Stored records:
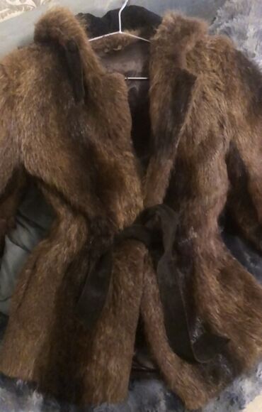 Təbii xəz kürk - Material: Yumuşaq, təbii xəz - Rəng: Tünd/qəhvəyi tonlarda - Dizayn: Ön hissədə uzun, sıx xəz panelləri; qol və gövdədə bloklu/qubikli tekstura - Ölçü: M razmer; dolu S geyinən xa...
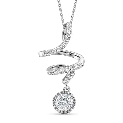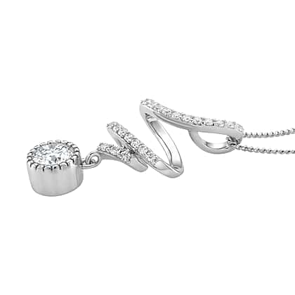 Moissanite Round Pendant with Chain (Size 18) in Rhodium Overlay Sterling Silver 1.09 Ct.
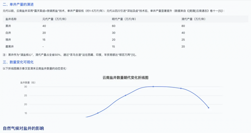 “识典古籍”相关负责人介绍,“深度研究助手”的上线源于一些学者在平台使用过程中的反馈。传统古籍研究需从海量文献中人工提取信息,过程繁琐耗时。AI技术为解决这一痛点提供了可能。学者只需输入研究主题,助手便会在古籍资料中进行穷尽式挖掘与智能分析。以“云南盐井”研究为例,报告不仅梳理出不同朝代单井产量数据,还通过折线图展示盐井数量动态变化,呈现完整研究脉络。
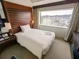 The lobby is high and brightly lit. You can check in at 2 pm and check out at 12 noon the next day. It is very kind. Each room is on a high floor, with no obstructions in front, behind, or on the left and right. You can easily overlook the city scenery of the sunny country. The room space is quite large, and it is no problem for one person to live in and spread out two suitcases. The amenities are complete. Although the bathroom does not have a dry and wet separation, there is a bathtub for bathing. There is a convenience store on the first floor, many restaurants around, and an airport bus to Okayama Momotaro Airport is opposite the hotel. The breakfast is rich, with many types and drinks. Compared with ANA hotels in other cities, the price is much more affordable.
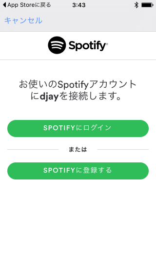 djay FREEと同様にインストールして、Spotifyへのログインを済ませておきます。
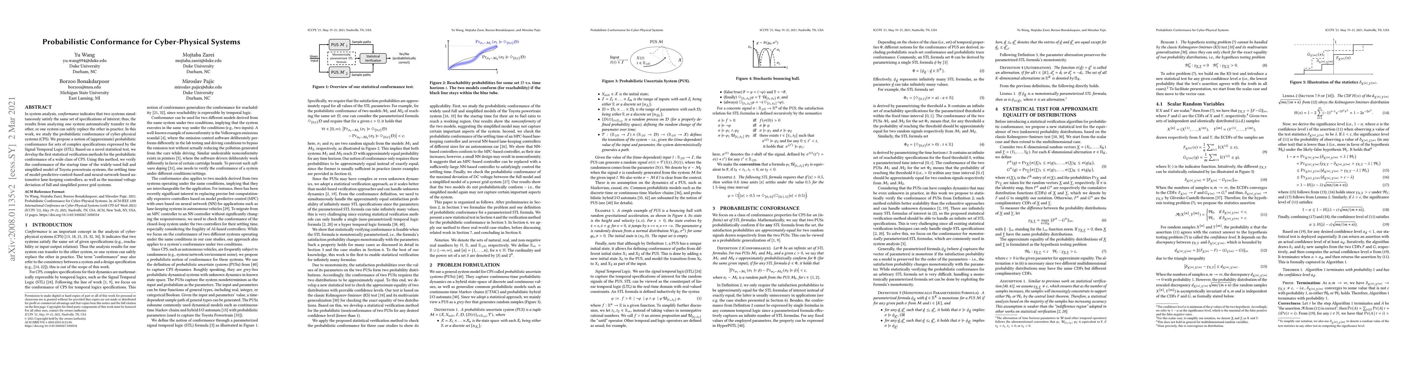 This paper introduces a concept of probabilistic conformance for cyber-physical systems (CPS) to ensure that two systems meet the same specifications, proposing a statistical test and verification methods for complex specifications expressed in Signal Temporal Logic (STL). The method is demonstrated through verifying conformance in automotive and power grid systems.

TASK OBJECTIVE:
Carry over each record above character for character, with the pictures left out.

SOLUTION FOR THIS EXERCISE:
 Təbii xəz kürk - Material: Yumuşaq, təbii xəz - Rəng: Tünd/qəhvəyi tonlarda - Dizayn: Ön hissədə uzun, sıx xəz panelləri; qol və gövdədə bloklu/qubikli tekstura - Ölçü: M razmer; dolu S geyinən xa...
 Moissanite Round Pendant with Chain (Size 18) in Rhodium Overlay Sterling Silver 1.09 Ct.
 “识典古籍”相关负责人介绍,“深度研究助手”的上线源于一些学者在平台使用过程中的反馈。传统古籍研究需从海量文献中人工提取信息,过程繁琐耗时。AI技术为解决这一痛点提供了可能。学者只需输入研究主题,助手便会在古籍资料中进行穷尽式挖掘与智能分析。以“云南盐井”研究为例,报告不仅梳理出不同朝代单井产量数据,还通过折线图展示盐井数量动态变化,呈现完整研究脉络。
 The lobby is high and brightly lit. You can check in at 2 pm and check out at 12 noon the next day. It is very kind. Each room is on a high floor, with no obstructions in front, behind, or on the left and right. You can easily overlook the city scenery of the sunny country. The room space is quite large, and it is no problem for one person to live in and spread out two suitcases. The amenities are complete. Although the bathroom does not have a dry and wet separation, there is a bathtub for bathing. There is a convenience store on the first floor, many restaurants around, and an airport bus to Okayama Momotaro Airport is opposite the hotel. The breakfast is rich, with many types and drinks. Compared with ANA hotels in other cities, the price is much more affordable.
 djay FREEと同様にインストールして、Spotifyへのログインを済ませておきます。
 This paper introduces a concept of probabilistic conformance for cyber-physical systems (CPS) to ensure that two systems meet the same specifications, proposing a statistical test and verification methods for complex specifications expressed in Signal Temporal Logic (STL). The method is demonstrated through verifying conformance in automotive and power grid systems.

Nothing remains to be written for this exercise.